# So proud of Hanna!



## atsilvers27 (Jul 5, 2011)

Last night we had multiple guests for several hours and she did super well. The easy thing would have been to put her in her crate for the evening so she wouldn't overwhelm and annoy them, but I've been working on her socialization and some basic commands and she settled nicely. She's excellent at following my hand gestures and listening to my tone of voice. She gets a little roudy with people that want to play with her but if she gets too crazy she'll stop if I ask her to. Everyone admired her. She's a great ambassador for her breed.


----------



## RitaandRiley (Feb 27, 2012)

Congratulations to both of you!


----------



## gelbergirl (Jun 9, 2007)

Glad to hear that.
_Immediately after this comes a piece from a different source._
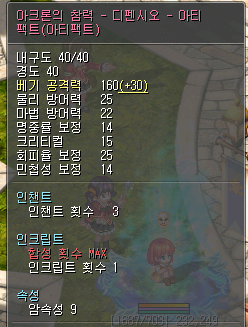 마을 기준 1682베인데 컨텐시 멜리오 쓰므로 대략 1700 맞춰짐. 명보합은 노도핑 기준 1820정도라 이클 보스까진 도핑없이도 올힛 나오고 묘약없이 일루미+개신뢰+퇴마사+사미까지 먹으면 2200정도, 풀도핑시 묘약까지 다 먹으면 베레 명중컷인 2500 아슬아슬하게 됨.

Good going Hanna!


----------



## Pixiesmom (Jul 31, 2008)

Way to go Hanna!


----------



## motherslittlehelper (Mar 18, 2010)

Good for you! Congratulations! How old is Hanna?


----------



## krandall (Jun 11, 2009)

atsilvers27 said:


> Last night we had multiple guests for several hours and she did super well. The easy thing would have been to put her in her crate for the evening so she wouldn't overwhelm and annoy them, but I've been working on her socialization and some basic commands and she settled nicely. She's excellent at following my hand gestures and listening to my tone of voice. She gets a little roudy with people that want to play with her but if she gets too crazy she'll stop if I ask her to. Everyone admired her. She's a great ambassador for her breed.


:whoo: Yay Hanna!!! :whoo:


----------



## Momo means Peach (Jun 7, 2011)

That's fab, Hanna! Good girl!


----------